ASSIGNMENT
Beginning at the line containing "Scatter plots mostrando" in the material below and ending at the line containing "金风送爽颂师恩,丹桂飘香启新", return each line exactly and add nothing.

EXERCISE DATA
+++++

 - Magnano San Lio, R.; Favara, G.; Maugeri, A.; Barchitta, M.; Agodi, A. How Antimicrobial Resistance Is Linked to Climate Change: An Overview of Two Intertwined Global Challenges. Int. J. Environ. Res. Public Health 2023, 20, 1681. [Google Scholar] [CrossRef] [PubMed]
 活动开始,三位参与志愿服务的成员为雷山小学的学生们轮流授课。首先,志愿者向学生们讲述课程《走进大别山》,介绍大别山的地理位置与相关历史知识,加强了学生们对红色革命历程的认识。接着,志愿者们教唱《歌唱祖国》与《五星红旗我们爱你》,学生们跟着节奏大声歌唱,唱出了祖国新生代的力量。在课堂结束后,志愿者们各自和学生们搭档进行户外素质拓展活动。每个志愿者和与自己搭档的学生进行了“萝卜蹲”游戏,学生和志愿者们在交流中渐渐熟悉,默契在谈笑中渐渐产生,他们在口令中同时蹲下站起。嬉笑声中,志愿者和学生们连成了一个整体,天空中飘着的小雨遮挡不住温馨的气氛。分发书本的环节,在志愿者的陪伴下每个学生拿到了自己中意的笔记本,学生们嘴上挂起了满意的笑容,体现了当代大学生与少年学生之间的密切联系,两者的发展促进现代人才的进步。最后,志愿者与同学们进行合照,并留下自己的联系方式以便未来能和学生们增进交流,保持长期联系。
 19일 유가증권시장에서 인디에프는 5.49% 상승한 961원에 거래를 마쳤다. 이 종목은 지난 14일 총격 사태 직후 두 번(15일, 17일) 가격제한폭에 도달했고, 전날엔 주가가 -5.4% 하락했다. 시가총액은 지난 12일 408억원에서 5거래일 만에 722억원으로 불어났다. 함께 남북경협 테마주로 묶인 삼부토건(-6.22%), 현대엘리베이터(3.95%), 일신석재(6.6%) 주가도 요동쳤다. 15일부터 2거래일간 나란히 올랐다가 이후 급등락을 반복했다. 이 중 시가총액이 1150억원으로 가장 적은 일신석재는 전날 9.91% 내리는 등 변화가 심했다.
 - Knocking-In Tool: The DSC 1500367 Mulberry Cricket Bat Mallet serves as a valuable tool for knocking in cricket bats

+++++

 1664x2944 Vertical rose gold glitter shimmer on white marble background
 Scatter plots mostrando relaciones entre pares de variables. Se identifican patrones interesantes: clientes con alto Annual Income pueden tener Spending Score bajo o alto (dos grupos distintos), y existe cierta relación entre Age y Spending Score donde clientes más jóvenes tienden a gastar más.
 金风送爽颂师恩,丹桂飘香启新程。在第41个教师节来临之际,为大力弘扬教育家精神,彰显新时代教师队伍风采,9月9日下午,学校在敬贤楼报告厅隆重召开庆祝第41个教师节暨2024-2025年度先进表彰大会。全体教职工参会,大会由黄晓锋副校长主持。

+++++

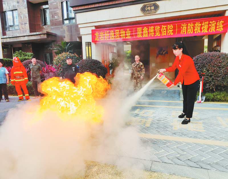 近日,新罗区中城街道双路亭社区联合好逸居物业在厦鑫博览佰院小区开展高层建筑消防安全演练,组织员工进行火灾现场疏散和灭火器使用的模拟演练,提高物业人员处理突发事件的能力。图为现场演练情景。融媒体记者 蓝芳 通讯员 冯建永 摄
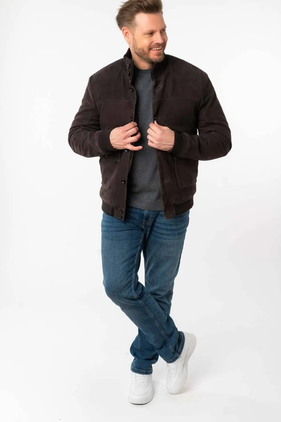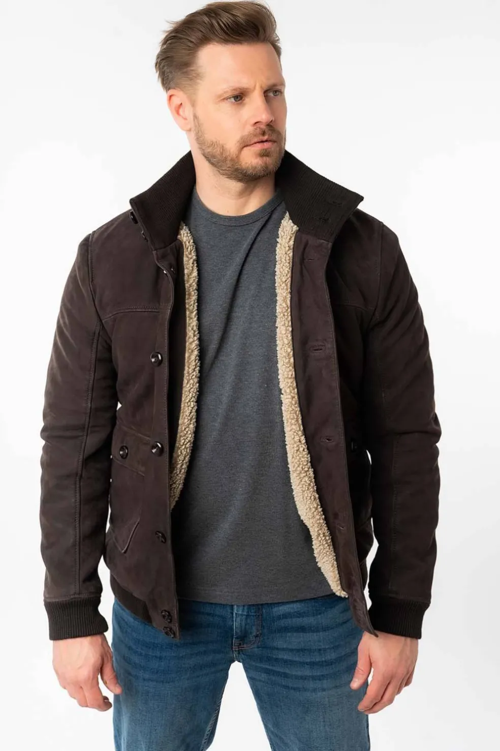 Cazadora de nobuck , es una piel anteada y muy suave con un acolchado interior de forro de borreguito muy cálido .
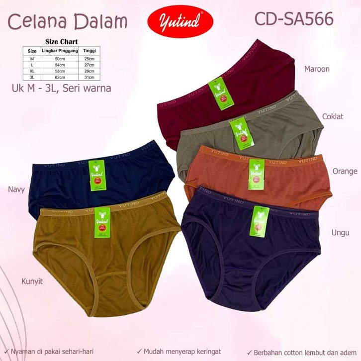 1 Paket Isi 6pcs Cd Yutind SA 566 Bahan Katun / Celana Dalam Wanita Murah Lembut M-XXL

+++++

RESULT
 Scatter plots mostrando relaciones entre pares de variables. Se identifican patrones interesantes: clientes con alto Annual Income pueden tener Spending Score bajo o alto (dos grupos distintos), y existe cierta relación entre Age y Spending Score donde clientes más jóvenes tienden a gastar más.
 金风送爽颂师恩,丹桂飘香启新程。在第41个教师节来临之际,为大力弘扬教育家精神,彰显新时代教师队伍风采,9月9日下午,学校在敬贤楼报告厅隆重召开庆祝第41个教师节暨2024-2025年度先进表彰大会。全体教职工参会,大会由黄晓锋副校长主持。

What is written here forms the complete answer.